Tokenization is the compilation step. Just as code must be compiled to machine instructions, prompts must be tokenized to numerical sequences.

This has three practical implications:

Token count varies by provider. The same text tokenizes differently in GPT-3, GPT-4, and Gemini due to different tokenization algorithms.
Token counting is budgetable. You can measure token usage with libraries (tiktoken for OpenAI) or API feedback (Gemini).
Token efficiency matters. More concise prompts leave room for agent responses without hitting max token limits.

For agent specification: tokenization means agents do not see structural hints in formatting. They see token sequences. Decomposing specifications into structured sequences, not prose, respects how agents actually process input.

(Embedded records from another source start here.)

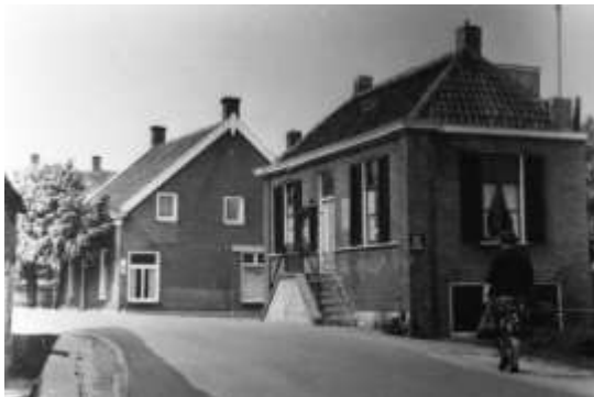
Het oude gemeentehuis van Zuilichem.

Thans verzoek ik de aangewezen meisjes het kleed te verwijderen. De beide meisjes trokken de gemeentevlag van de gedenksteen en gelijktijdig werd de fontein in werking gesteld, waarop de burgemeester de fontein in gebruik genomen verklaarde. Hierop werd door de zangvereniging nog een zangnummer ten gehore gebracht waarna de muziekvereniging het Wilhelmus speelde dat uit volle borst werd meegezongen”.
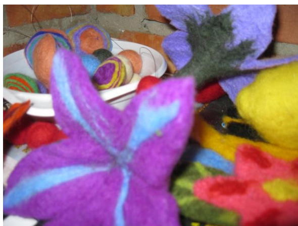
fot. Możliwości wykorzystania wełny owczej.

Podczas imprez promujących Program Owca Plus, każdy zainteresowany ma możliwość zdegustowania produktów pochodzenia owczego i koziego: serów (oscypki, bundz owczy i kozi, bryndza, żyntycza, redykołki), mleka koziego, jagnięciny podhalańskiej. Ponadto organizowane są pokazy, podczas których można zapoznać się z technologią uszlachetnienia wełny, metod jej przerobu oraz wyrobu z niej rzeczy użytkowych np. swetrów, skarpet, elementów strojów ludowych (np. zapaska, gunia, kożuszek). W bacówkach natomiast można zakupić produkty pochodzenia owczego i koziego, a ponadto naocznie obcować z kulturą pasterską.
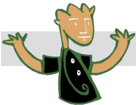
Imagen alojada en wikimedia commons con licencia CC.
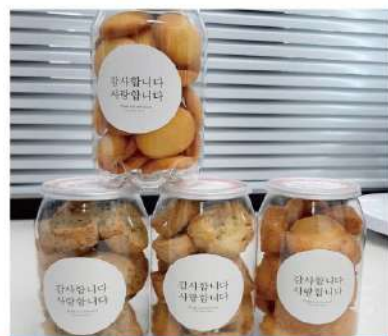
쿠키 & 식품류
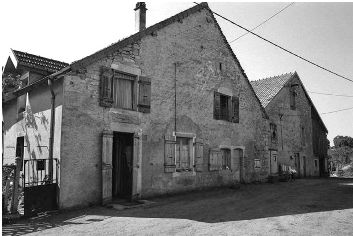
Maison cadastrée 1957 A1 73-74, située le long du chemin de grande communication n° 96 de Plasne à Mirebel : façade antérieure. 39, La Marre
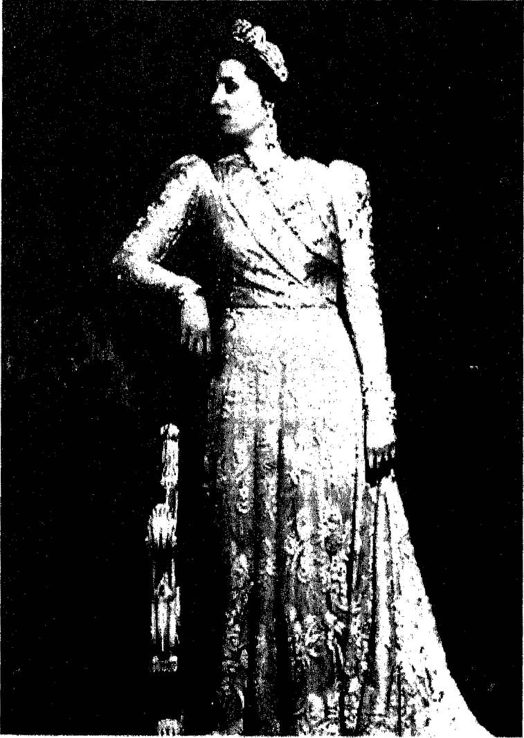
الملكة نازلي في الثوب الملكي الرسمي . . صورة ألتقطت لها في عهد ابنها فاروق وبعد رحيل زوجها الملك فؤاد .
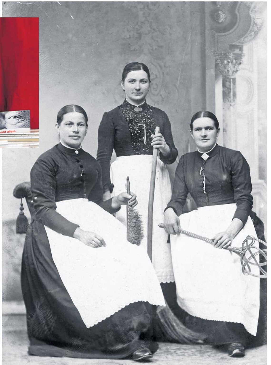
Mit Stolz und Berufswerkzeug: Vorstand des Wasch- und Putzfrauenvereins im Fotoatelier, Zürich 1890.

Sozialgeschichtsforschung. Ein wichtiges Fundstück war das Archiv des Arbeiterfotografenbunds, das Gretler in den achtziger Jahren übernehmen konnte. Dazu kamen private Nachlässe, etwa derjenige des Fotografen Adolf Felix Vogel. Aus verschiedensten Quellen versammelte er Bilder von bekannten und unbekanntem Fotografieren, bis hin zu gerahmten Aufnahmen aus Brockenhäusern; zudem stellte er hochwertige Abzüge aus Zeitschriften her, etwa aus der berühmten «Arbeiter-Illustrierten-Zeitung» der Weimarer Republik.
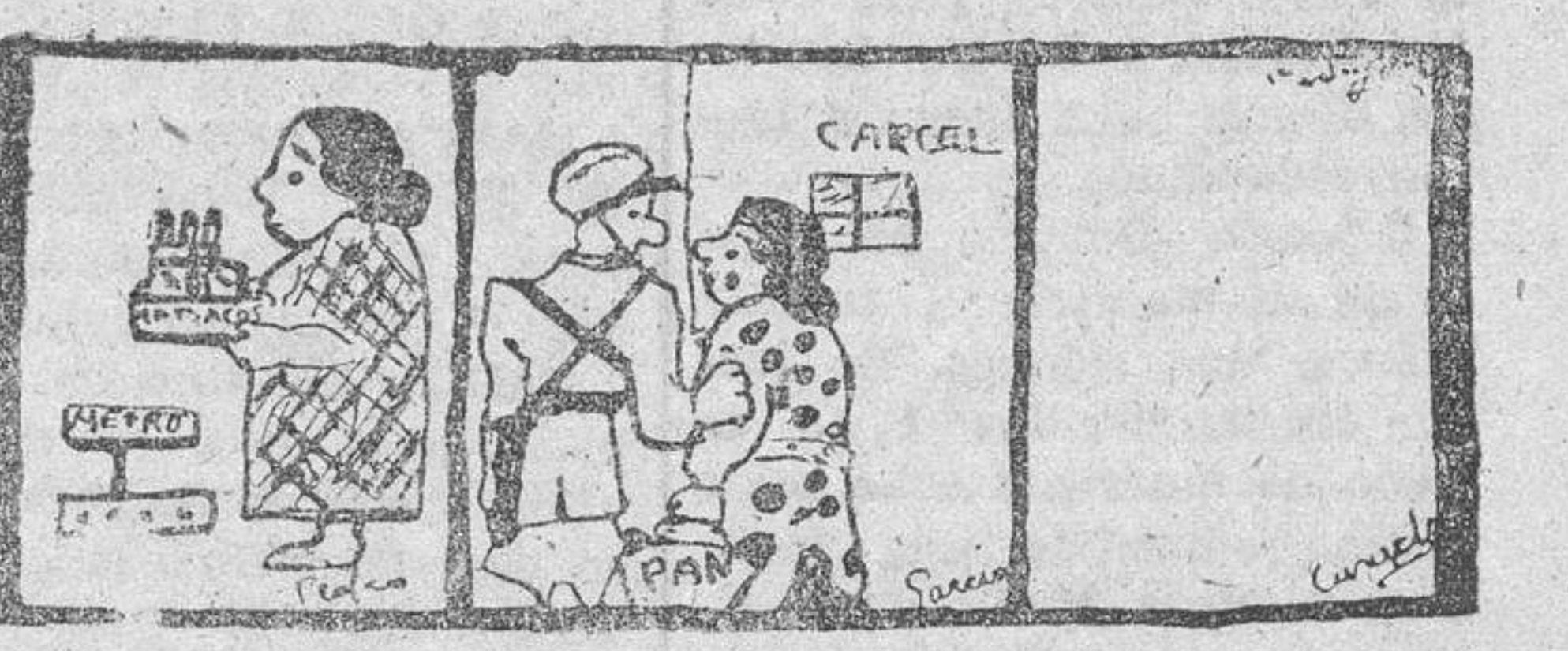
Virginia y Bambú; Internado de señoritas; El hombre invisible
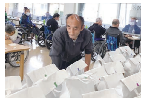
台の上にたくさん並んだ景品の中から自分で選んで頂きました
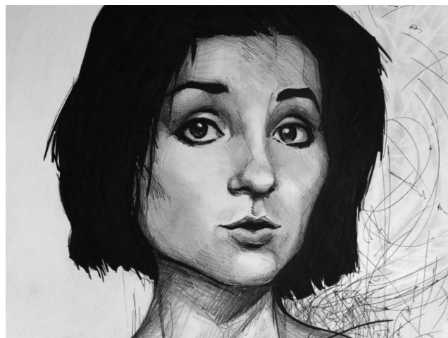
Портрет – Здивування
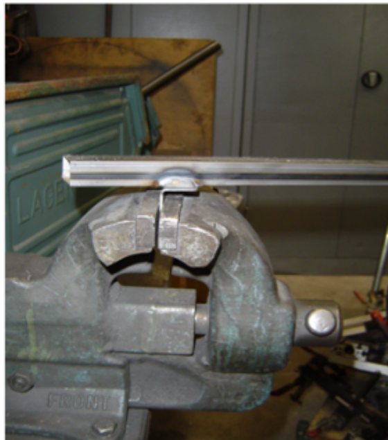
Bild Nr.2 Stufenwinkel durch verdrehen des Holmes zum Reißen bringen.
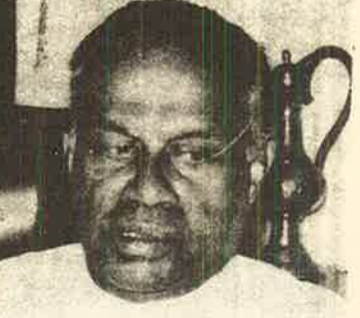
கடிதங்கள் மூலம் பேச முடியாது.

இந்த யோசனைகளில் 'மாகாண அரசு' என்ற சொற்பிரயோகம் கையாளப்பட்டிருந்ததே தவிர தமிழர் தாயகத்தின் பிரதேச அந்தஸ்து, சுயாட்சி உரிமை, ஆட்சி அதிகாரம் எதுவும் பற்றி தெளிவான விளக்கமோ வரையறைகளோ இருக்கவில்லை. ஒரு சில திருத்தங்கள் செய்யப்பட்ட பழைய மாகாணசபைத் திட்டத்தின் அடிப்படைகளைக் கொண்டது போல இந்த யோசனைகள் அமைந்திருந்தன. இது எமக்கு ஏமாற்றத்தைக் கொடுத்தது.

2. Max Tokens (The Working Memory Constraint)

Every LLM has a context window limit: the maximum tokens it can process in a single interaction. This is a fixed architectural constraint, not a soft preference.

Examples:

GPT-3: 4,096 tokens
GPT-4: 8,192 or 32,768 tokens (version-dependent)
Gemini 3: 1,048,576 tokens

How it constrains agents: if max_tokens = 8,192 and your prompt uses 1,000 tokens, only 7,192 tokens remain for reasoning and output. Agents cannot reason deeper than the token budget allows. Token limits force agents to compress reasoning or fail requests that exceed capacity.

From a cost perspective: token limits directly translate to billing. Most LLM services charge (input_tokens + output_tokens) × price_per_token. Larger context windows mean higher costs if fully used.

The real insight: the context window is the agent's working memory. A 4K token limit is fundamentally more constrained than a 1M token limit. This affects what agents can hold in mind, what context they can reference, what reasoning chains they can execute.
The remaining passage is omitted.